WHAT TO PRODUCE =
Would you repeat the data below exactly, taking out the images?

DATA EXCERPT =

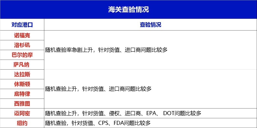 受关税变动影响,本周美国各港口的查验情况并没有得到明显的好转,查验率依旧处于上涨阶段,请货主们留意出货情况。
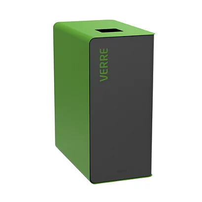 Acier poudré anti-UV Système d’ouverture push/pull grâce à son loqueteau mécanique Porte à ouverture frontale ‘push’ sérigraphiées Ouverture calibrée (120×120 mm) et identification du type de tri Support sac intégré en inox AISI 304 18/10 sur glissière en acier zingué Pieds réglables pour les sols irréguliers
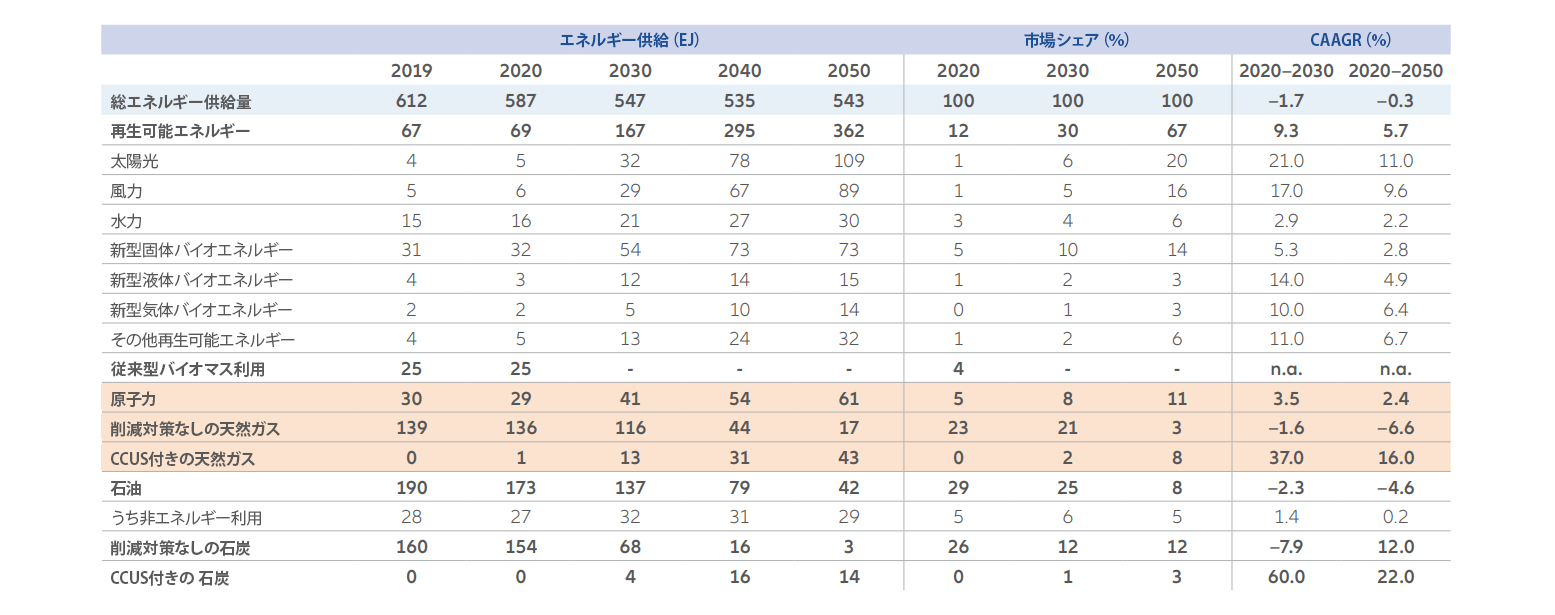 図表1-2050年までに世界の原子力利用は拡大、天然ガスの利用は縮小の見込み

TASK RESULT =
 受关税变动影响,本周美国各港口的查验情况并没有得到明显的好转,查验率依旧处于上涨阶段,请货主们留意出货情况。
 Acier poudré anti-UV Système d’ouverture push/pull grâce à son loqueteau mécanique Porte à ouverture frontale ‘push’ sérigraphiées Ouverture calibrée (120×120 mm) et identification du type de tri Support sac intégré en inox AISI 304 18/10 sur glissière en acier zingué Pieds réglables pour les sols irréguliers
 図表1-2050年までに世界の原子力利用は拡大、天然ガスの利用は縮小の見込み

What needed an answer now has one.